FIG. 16 is a cross-sectional view of the bicycle hub assembly taken along line XVI-XVI of FIG. 5.

FIG. 17 is a side elevational view of the bicycle rear sprocket assembly of the bicycle drive train illustrated in FIG. 2.

Fig. 18 is an exploded perspective view of the bicycle rear sprocket assembly illustrated in fig. 17.

FIG. 19 is a partially exploded perspective view of the bicycle rear sprocket assembly illustrated in FIG. 17.

FIG. 20 is another partially exploded perspective view of the bicycle rear sprocket assembly illustrated in FIG. 17.

FIG. 21 is another partially exploded perspective view of the bicycle rear sprocket assembly illustrated in FIG. 17.

FIG. 22 is another partially exploded perspective view of the bicycle rear sprocket assembly illustrated in FIG. 17.

FIG. 23 is a perspective cross-sectional view of the bicycle rear sprocket assembly taken along line XXIII-XXIII of FIG. 17.

FIG. 24 is a perspective view of the smallest sprocket of the bicycle rear sprocket assembly illustrated in FIG. 17.

FIG. 25 is another perspective view of the smallest sprocket of the bicycle rear sprocket assembly illustrated in FIG. 17.

FIG. 26 is a side elevational view of the smallest sprocket of the bicycle rear sprocket assembly illustrated in FIG. 17.

FIG. 27 is a side elevational view of a smallest sprocket according to a variation.

FIG. 28 is an enlarged cross-sectional view of the smallest sprocket illustrated in FIG. 24.

FIG. 29 is a cross-sectional view of the smallest sprocket illustrated in FIG. 24.

FIG. 30 is a cross-sectional view of the sprocket support body and the smallest sprocket of the bicycle drive train illustrated in FIG. 2.

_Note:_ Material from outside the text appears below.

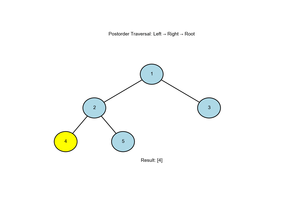 - Postorder: Root last (Left-Right-Root)
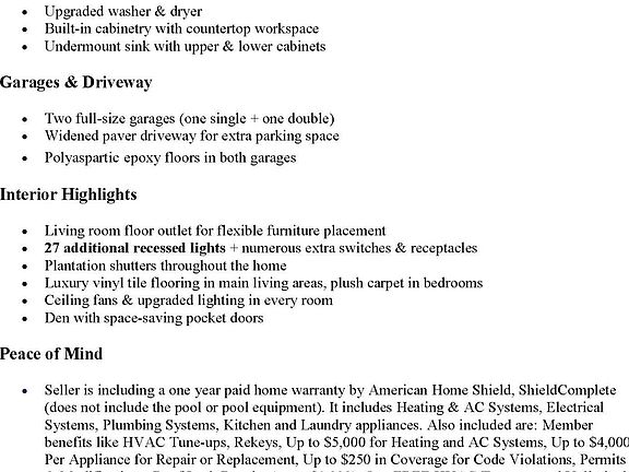 As an added benefit, the Seller is including a one-year American Home Shield ShieldComplete warranty for the buyer's peace of mind (pool and pool equipment not included).

FIG. 31 is a partially exploded perspective view of the bicycle rear sprocket assembly illustrated in FIG. 17.

FIG. 32 is a perspective view of the sprocket support of the bicycle rear sprocket assembly illustrated in FIG. 17.

FIG. 33 is a side elevational view of a bicycle rear sprocket assembly in accordance with a modification.

FIG. 34 is a side elevational view of the first sprocket of the bicycle rear sprocket assembly illustrated in FIG. 33.

FIG. 35 is a partial perspective view of the first sprocket of the bicycle rear sprocket assembly illustrated in FIG. 33.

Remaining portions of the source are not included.